We have also made recent strategic acquisitions. In October 2011, we acquired our partners’ interests in QMCP and recorded a gain of $9.2 million related to our previously held interest in the joint venture. Additionally, we are constructing a new expanded beverage container facility for QMCP that will begin production in the first quarter of 2012.  In July 2010, we entered the aluminum slug market by acquiring the leading North American manufacturer of aluminum slugs used to make extruded aerosol containers, beverage bottles, collapsible tubes and technical impact extrusions. To further expand this new product line and broaden our market development efforts into a new customer base, in January 2011, we acquired a leading European supplier of aluminum aerosol containers and bottles and the slugs used to make them. Further details of recent acquisitions are included in Note 3 to the consolidated financial statements within Item 8 of this report.

 

We recognize sales under long-term contracts in the aerospace and technologies segment using percentage of completion under the cost-to-cost method of accounting. The 2011 contract mix consisted of approximately 60 percent cost-type contracts, which are billed at our costs plus an agreed upon and/or earned profit component, and 33 percent fixed-price contracts. The remainder represents time and material contracts, which typically provide for the sale of engineering labor at fixed hourly rates. The contracted backlog at December 31, 2011, of approximately $897 million consisted of approximately 50 percent fixed price contracts indicating a continuing trend towards more fixed price business.

 

Throughout the period of contract performance, we regularly reevaluate and, if necessary, revise our estimates of aerospace and technologies total contract revenue, total contract cost and progress toward completion.

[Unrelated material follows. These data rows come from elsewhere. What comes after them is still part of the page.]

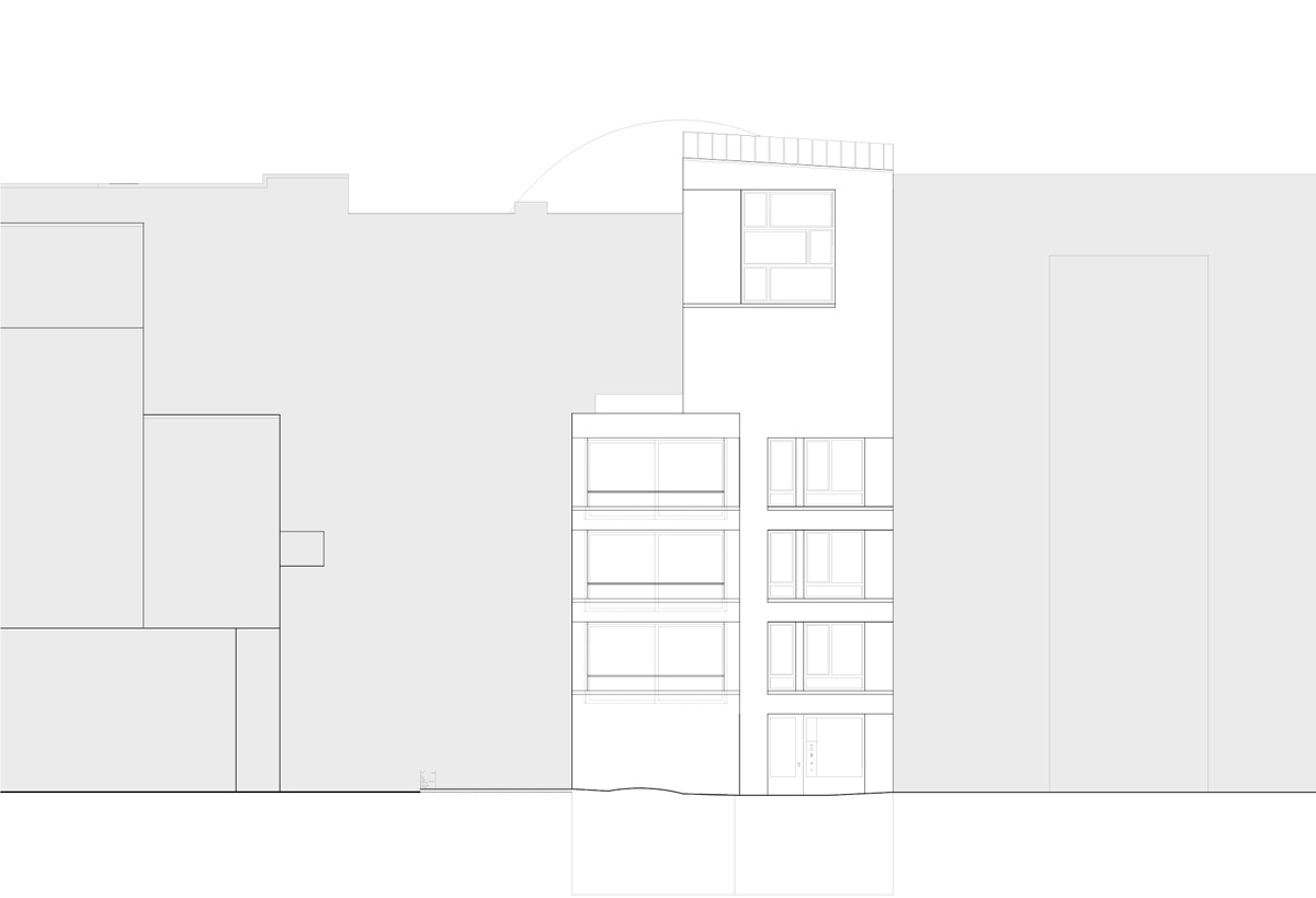Das Haus in der Auguststraße 47a in Berlin-Mitte ist eine Hofbebauung; die Nachbarparzelle ist als Feuerwehrzufahrt zur Straße hin offen. Es wurde als Wohnhaus mit sieben Geschossen für fünf Wohnungen geplant.
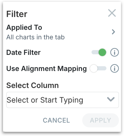 Enable the Use Alignment Mapping toggle if you want to refer only the mapped measures. This will be displayed only if Date filter is enabled.
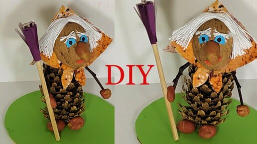 Как сделать Бабу Ягу из шишек.
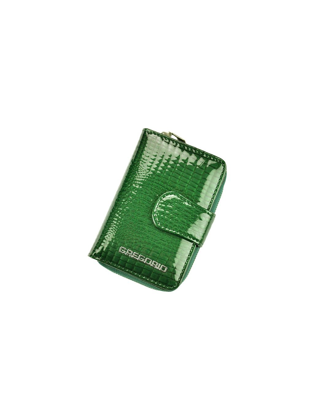 Menší dámská kožená peněženka, která je vyrobena z pravé přírodní lakované kůže, ve které je vyražený moderní „kroko“ vzor. Celá peněženka je rozdělena na dvě části, mincovník, který se uzavírá zipem a zipovou separací je rozdělený na dvě části. Zip peněženky jde doširoka rozepnout a ulehčuje tak manipulaci s drobnými mincemi. Druhá část je na karty a se zapíná úzkou pinetkou na patentku. Kromě množství přihrádek na klasické karty, obsahuje i prostor pro doklady. Fochy pro papírové bankovky jsou na vrchní straně peněženky.
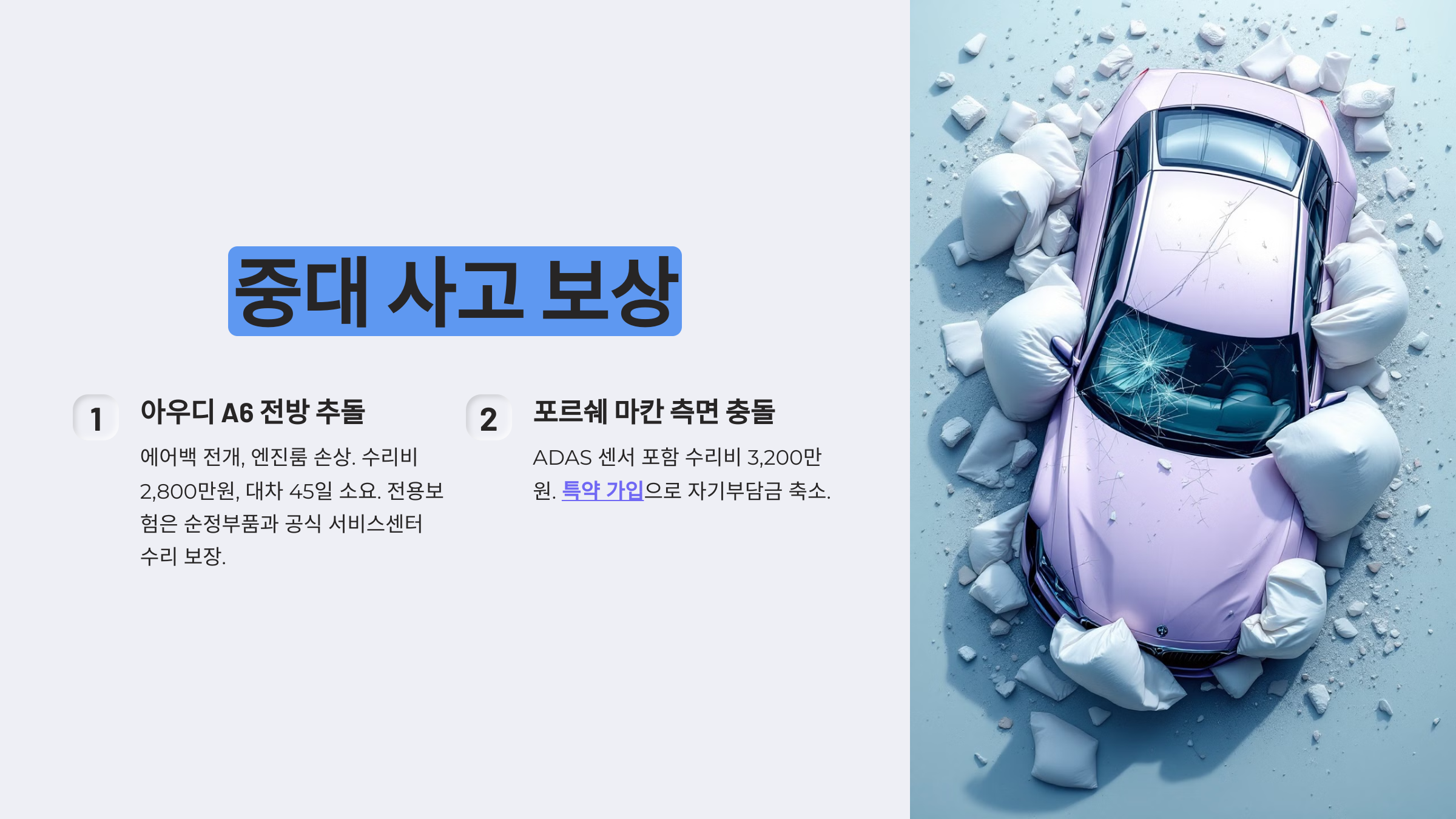 포르쉐 마칸 측면 충돌: ADAS 센서 포함 수리비 3,200만원. 특약 가입으로 자기부담금 축소.

Because of contract payment schedules, limitations on funding and other contract terms, our sales and accounts receivable for this segment include amounts that have been earned but not yet billed.

 

Management Performance Measures

 

Management uses various measures to evaluate company performance such as return on average invested capital (net operating earnings after tax over the relevant performance period divided by average invested capital over the same period); economic value added (net operating earnings after tax less a capital charge on average invested capital employed); earnings before interest and taxes (EBIT); earnings before interest, taxes, depreciation and amortization (EBITDA); diluted earnings per share; cash flow from operating activities and free cash flow (generally defined by the company as cash flow from operating activities less additions to property, plant and equipment). These financial measures may be adjusted at times for items that affect comparability between periods such as business consolidation costs and gains or losses on acquisitions and dispositions. Nonfinancial measures in the packaging businesses include production efficiency and spoilage rates; quality control figures; environmental, health and safety statistics; production and sales volumes; asset utilization rates; and measures of sustainability. Additional measures used to evaluate financial performance in the aerospace and technologies segment include contract revenue realization, award and incentive fees realized, proposal win rates and backlog (including awarded, contracted and funded backlog).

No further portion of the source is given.